By designing software to specifically take advantage of these features, and by deploying them in a way that does the same, we can create software that can truly scale in a cloud native way.
In this article, I present 15 principles on how to design cloud native applications and deploy them on Kubernetes. To get the most out of it, you should also read three other articles. The first one concerns how to design scalable applications in general: Scalability Design Principles. The other two concern how we deploy applications, and how they collaborate in a cloud native way: the 12 Factor App manifesto and the research paper “Design patterns for container-based distributed systems”.
Don’t be fooled by that they are all a few years old: they have stood the test of the time and are still highly relevant.
Principles for Designing and Deploying
Scalable Applications on Kubernetes
First: What are cloud native applications, anyway?
The Cloud Native Computing Foundation has a formal definition of what “cloud native” means. The main part is in the following paragraph:
“These techniques enable loosely coupled systems that are resilient, manageable, and observable.
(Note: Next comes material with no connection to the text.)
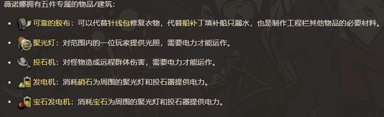 * 薇諾娜可以免疫來自黑暗的第一次攻擊,不會因此損失生命或理智,每次回到光照下都可以刷新這個效果。

Combined with robust automation, they allow engineers to make high-impact changes frequently and predictably with minimal toil.”
Translating this into actionable and concrete characteristics and properties means that cloud native software:
- can run multiple instances of a component, to ensure high availability and scalability;
- consists of components that depend on the underlying platform and infrastructure for scaling, automation, capacity allocation, failure handling, restarts, service discovery, and so forth.
Cloud native software is also predominantly built around a microservice inspired architecture, where components handle well-defined tasks. One large effect of this, and because it makes scaling and operations of such components significantly easier, is that components are largely divided into stateful and stateless. The majority of components of a large architecture are typically stateless, and depend on a few data stores to manage their application state.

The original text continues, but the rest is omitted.